With this figure in mind, a range of industry experts have advised on their predictions for the year ahead.
A new term Gamification has been identified by Stan Humphries, chief analytics officer, Zillow Group. Gamification is when city residents get points for paying water bills on time, recycling, reporting potholes and using public transport. Points can then be redeemed against city services or city events, an attractive incentive which will incentivise good citizens making the city efficient and environmentally friendly.
Sameer Sharma, global general manager of Intel IoT’s new markets, smart cities, and intelligent transportation business, predicts 2019 will be a breakthrough year with trials being implemented. Sameer also predicts a global fraternity of cities will materialise with more cities reaching out and sharing key learnings, as well as experts between public and private sector assisting the acceleration of smart city adoption.
Erik Vesneski, business development manager of IoT, WWT says security, resiliency, scalability, and sustainability will need to be incorporated into the foundation of any IoT or smart and connected strategy. Next generation law enforcement, drones, and next-generation war fighter projects will increase significantly.

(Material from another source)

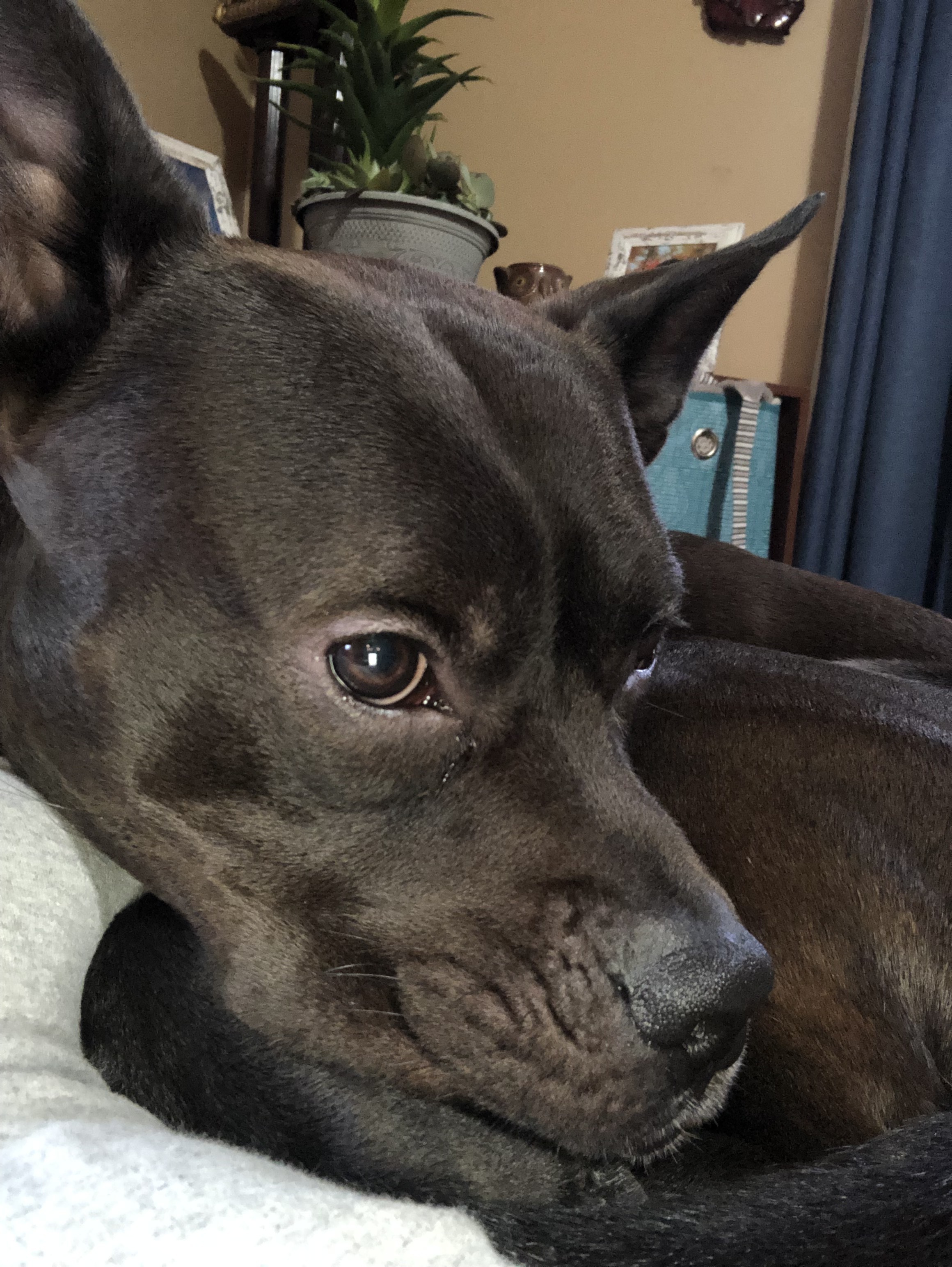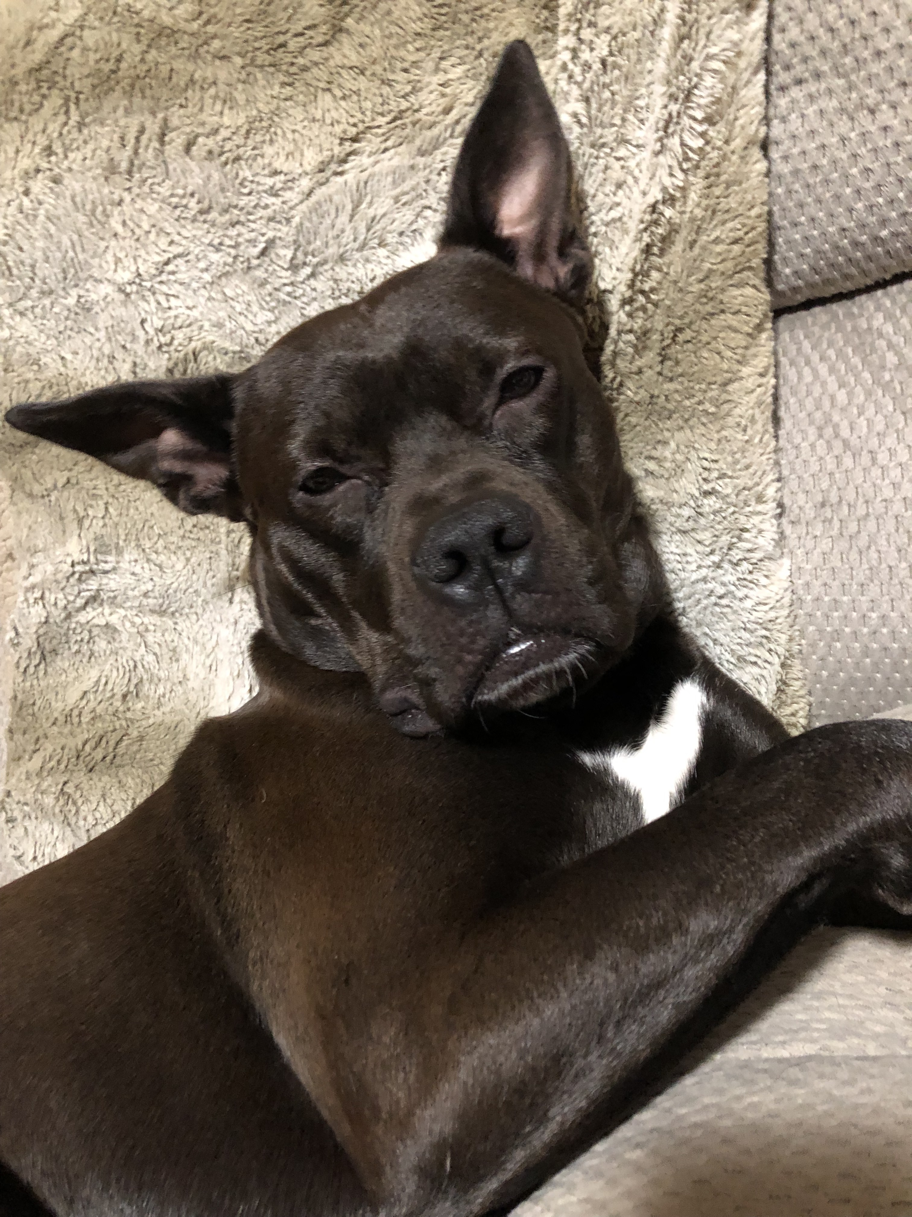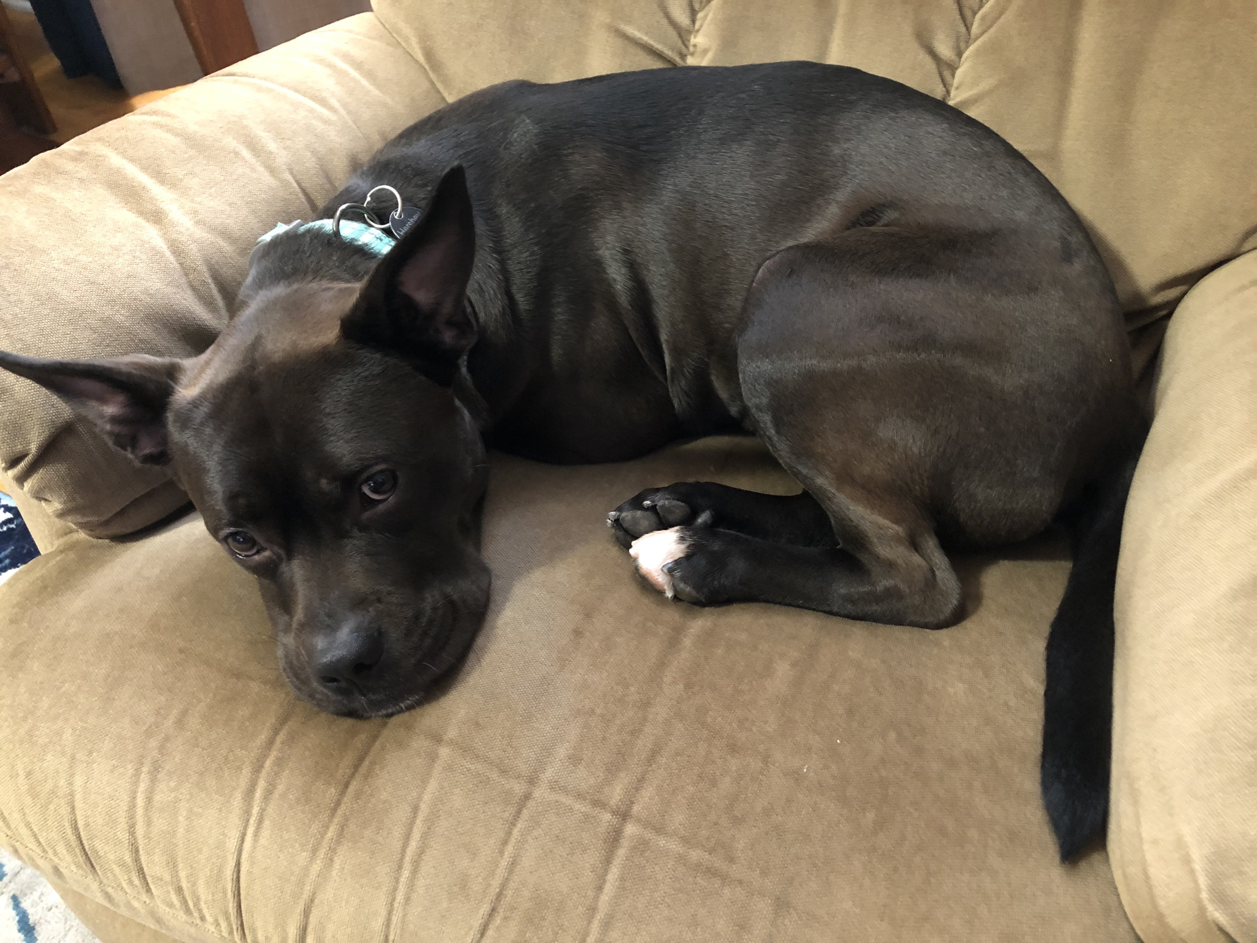 Hershey is kissable, loveable and huggable! He would love a forever family to share his happiness with. Hershey is the perfect weight at about 50 lbs. He still has some puppy energy, but he is very smart and responds to training well! Hershey is a whip at basic commands and is totally house broken. He likes other dogs and also walks great on a leash. Oh and he absolutely loves/lives to play fetch. He will bring you his ball when he wants to play. He will also bring his leash when he wants to walk. He’s becoming such a smart guy! Hershey has not been tested with cats, but does great with his fur (dog) foster sister. He does like the kiddos in his foster home but likes to take things slow and we hope that in his forever home he will have a family willing to take things slow so that he gets comfortable. Hershey only requires that when he’s in his crate (his man cave) that he’s left to enjoy his room. He can get nervous when people are around his man cave. Estimated DOB: 01/05/2020 Does Hershey sound like a great fit for your family? You can apply directly online at our website rescueapittie.org

Increased automation, improved efficiencies, and artificial intelligence usage will increase in 2019 in manufacturing, utilities, and higher-education.
All of the experts said 5G was a game changer and expect major US cities of the future to have the 5G infrastructure to support cars, buildings and people, and will all communicate and interact with each other in real time, with very low latency.
They also predicted cities will demand open source networking platforms and cloud based applications with the ability to integrate billing and management systems, and in addition open-source platforms will allow them to choose which sensors and devices fit their needs best instead of a single vendor.
5G is critical to achieve the predicted smart city technology growth of $135 billion by 2021. 5G will deliver up to 20 times faster data speeds, allowing over 100 times more devices to be connected than 4G and 1/10th of the latency in data transfers. 5G will deliver endless possibilities however complete coverage is still some years away.